MV2_ENABLE_AFFINITY=0
Then instead of launching an executable, one can launch a shell script. The shell script can find the process's local MPI rank on the node and bind it to threads appropriately using numactl. An example of such a script is below, which launches a launcher script called script. This launcher script then uses 4 OpenMP threads per MPI task (ie all 16 hyperthreads on a 2x4 socket). The job is specific to a 9G node (as the mapping of processors is system dependent).
#!/bin/bash
#PBS -lnodes=4:c9g
#PBS -A xyz
#PBS -lwalltime=10:00

# Set up the environment
export PATH=/usr/mpi/gcc/mvapich2-1.8/bin:/usr/local/cuda-5.0/bin:$PATH
export LD_LIBRARY_PATH=/usr/mpi/gcc/mvapich2-1.8/lib:/usr/local/cuda-5.0/lib64:/usr/local/cuda-5.0/lib:$LD_LIBRARY_PATH

# Pick the executable 
EXECUTABLE=./chroma_single_sm35
ARGS="-i 4-bicgstab-wf.ini.xml -geom 1 1 1 4"

mpiexec.hydra \
        -np 4 \
    -genv MV2_ENABLE_AFFINITY 0 \
    -genv QUDA_RESOURCE_PATH /home/bjoo/tuning_sm30 \
    -f $PBS_NODEFILE \
    -launcher rsh \
    ./script $EXECUTABLE $ARGS
where the actual executable is launched using the script script shown below:
#!/bin/bash

ARGS=$*

case $MV2_COMM_WORLD_LOCAL_RANK in
0)
 CPUS="0,8,1,9"
 ;;
1)
 CPUS="2,10,3,11"
 ;;
2)
 CPUS="4,12,5,13"
 ;;
3)
 CPUS="6,14,7,15"
 ;;
*)
  echo LOCAL Rank cannot be bigger than 3
  exit 1
  ;;
esac

export OMP_NUM_THREADS=4
/usr/bin/numactl --physcpubind=${CPUS} ${ARGS}
NOTE: the above script should scale to more nodes since the binding on each node is based on the local rank of the MPI task on a given node.
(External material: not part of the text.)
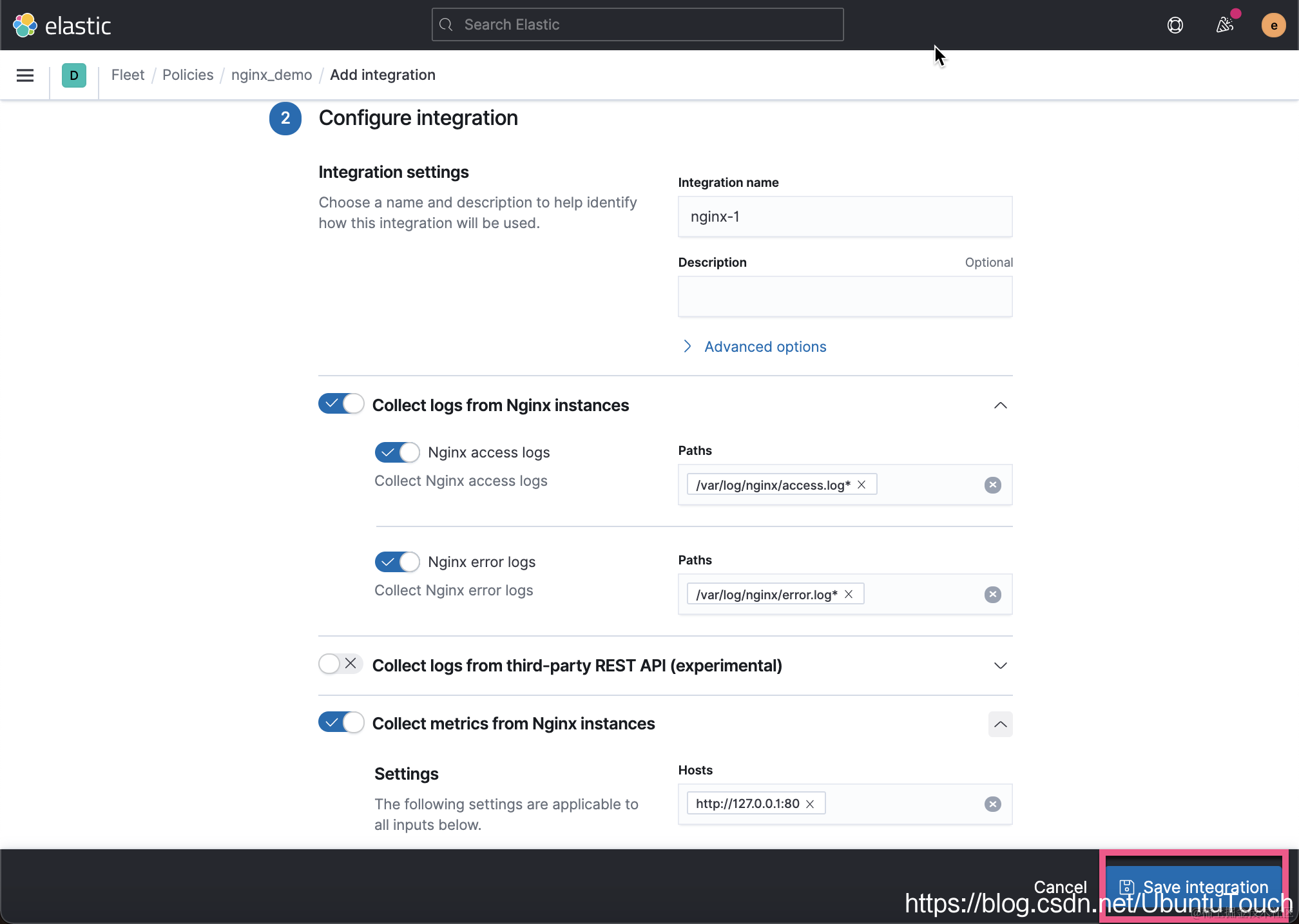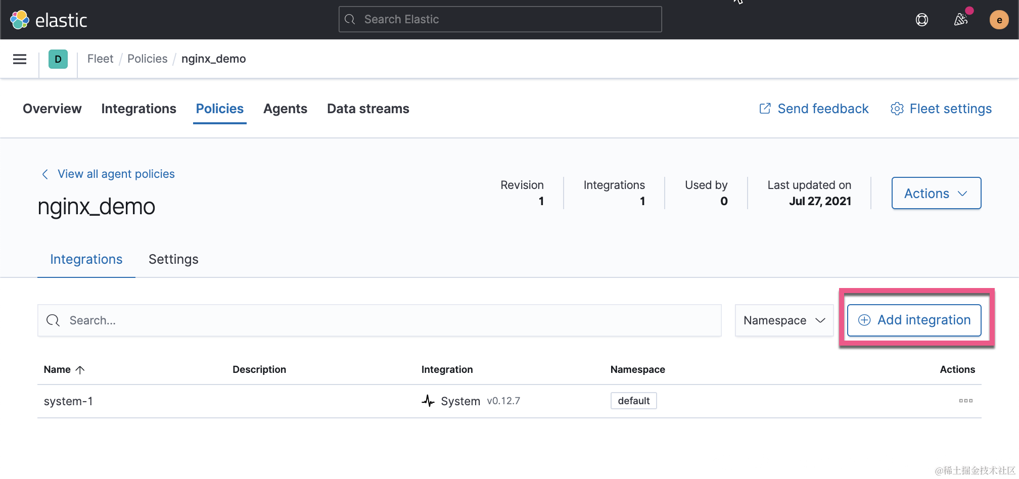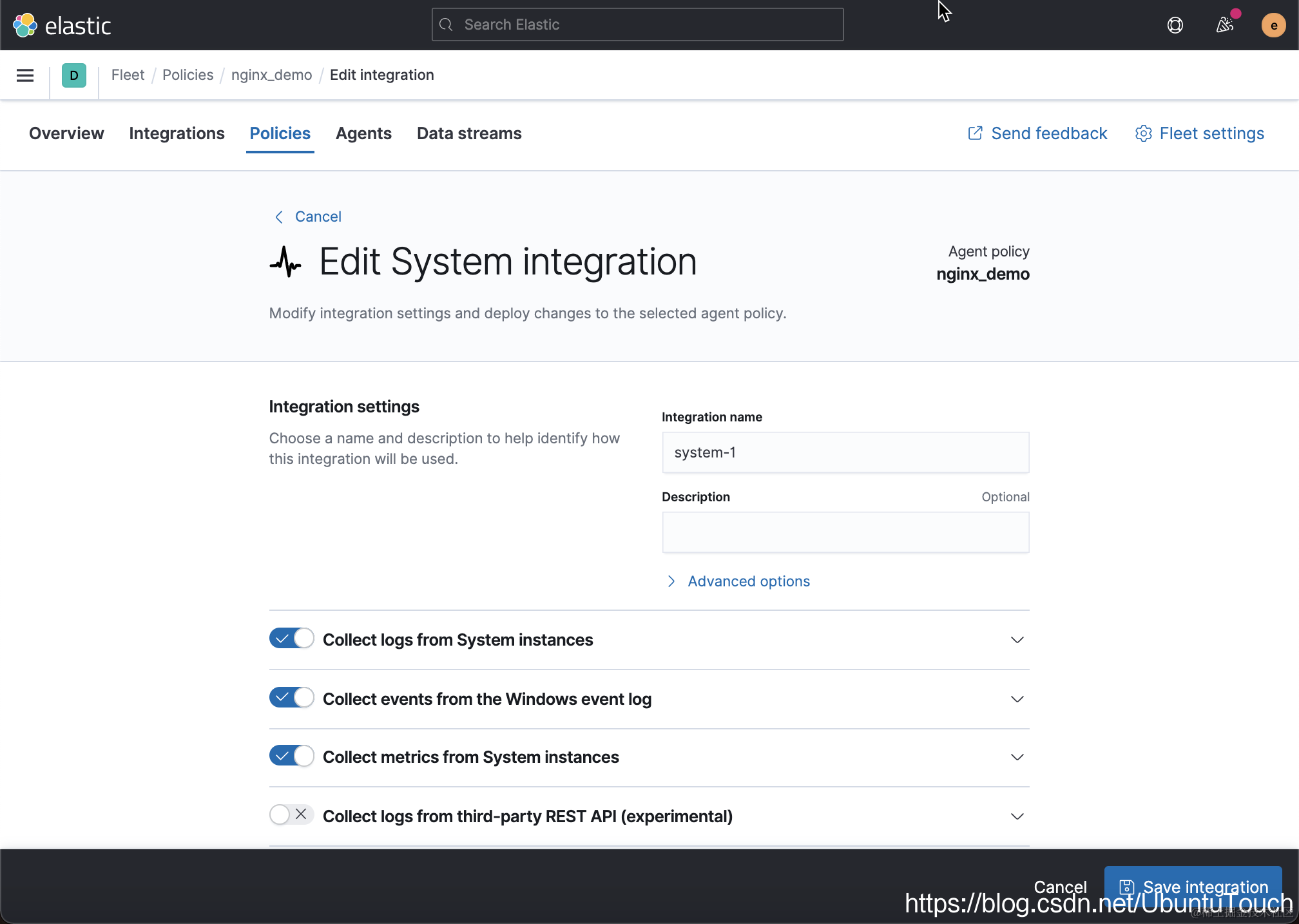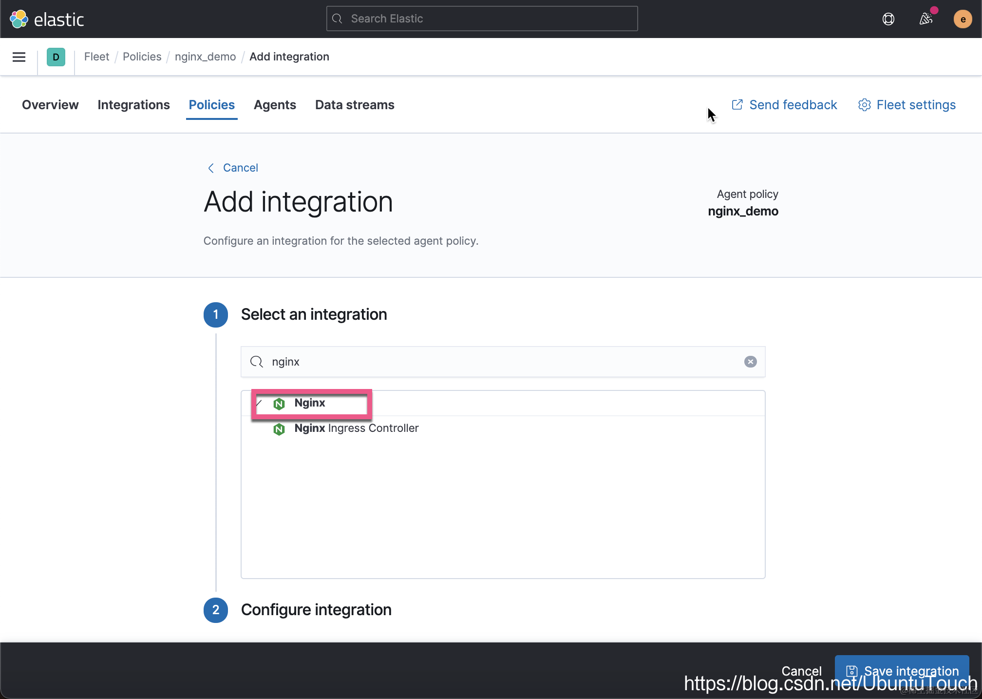 如上所示,它采集系统的日志,Windows 系统的事件以及系统的指标等等。当然对于我们的 nginx_demo 这个 policy 来说,我们甚至可以删除 system-1 这个 integration,如果我们不是对它里面所采集的信息感兴趣的话。针对我的配置,我选择保留。接下来,我们来添加 nginx 这个 integration:

Specifying Mapping in OpenMPI

In OpenMPI one can specify mapping in a variety of ways, for example using rank files. Please see OpenMPI documentation for details.

By default node binding is not enabled in OpenMPI and it can be explicitly disabled using the --bind-to-none flag. In this case one can use the script based approach outlined above for MVAPICH2-1.8 however the environment variable MV2_COMM_WORLD_LOCAL_RANK needs to be replaced with OMPI_COMM_WORLD_LOCAL_RANK, which is OpenMPI's version of the local rank.

MPI Gotcha-s

Below is a list of common MPI gotcha's:

Launching with mpirun from a different MPI (e.g. OpenMPI) than was used to compile the code (e.g. MVAPICH2)
The typical effect is that instead of a multi-node job starting, many single node jobs start. These may or may not run to completion depending on the overall resource size (e.g. memory) needed. If using Chroma one can inspect the logical CPU geometry in the output. It typically looks like:
Lattice initialized:
  problem size = 32 32 32 64
  layout size = 16 32 32 64
  logical machine size = 1 1 1 4
  subgrid size = 32 32 32 16
  total number of nodes = 4
  total volume = 2097152
  subgrid volume = 524288
If the logical machine size shows
  logical machine size = 1 1 1 1
it indicates the job thinks of itself as a single node job.
Forgetting to launch the job with an RSH based launcher
Most MPIs nowadays launch using SSH by default and special steps need to be taken to launch jobs via RSH as is done in our environment.
  • MVAPICH2 can launch using the command mpirun_rsh. The format of the command is something like:
    mpirun_rsh -rsh -np < number of MPI tasks > -machinefile < machine file >  < env vars >  < executable > < arguments >
    
    Please see help for mpirun_rsh
  • MVAPICH2's hydra interface can request an RSH launch using mpiexec.hydra. The format of the command is like:
      mpiexec.hydra -np < Number of Tasks > -launcher rsh ... < executable > < args >
    
    Please see help for mpiexec.hydra
  • OpenMPI needs to set an MCA parameter as below:
    mpirun --mca orte_rsh_agent rsh -np < Number of Tasks > -hostfile  < hostfile > ...
    
Forgetting to specify the hostfile
This can have the effect of launching all the processes requested on one node. This can cause a node to run out of memory and crash, taking the job with it. To a user this can appear as a hardware failure.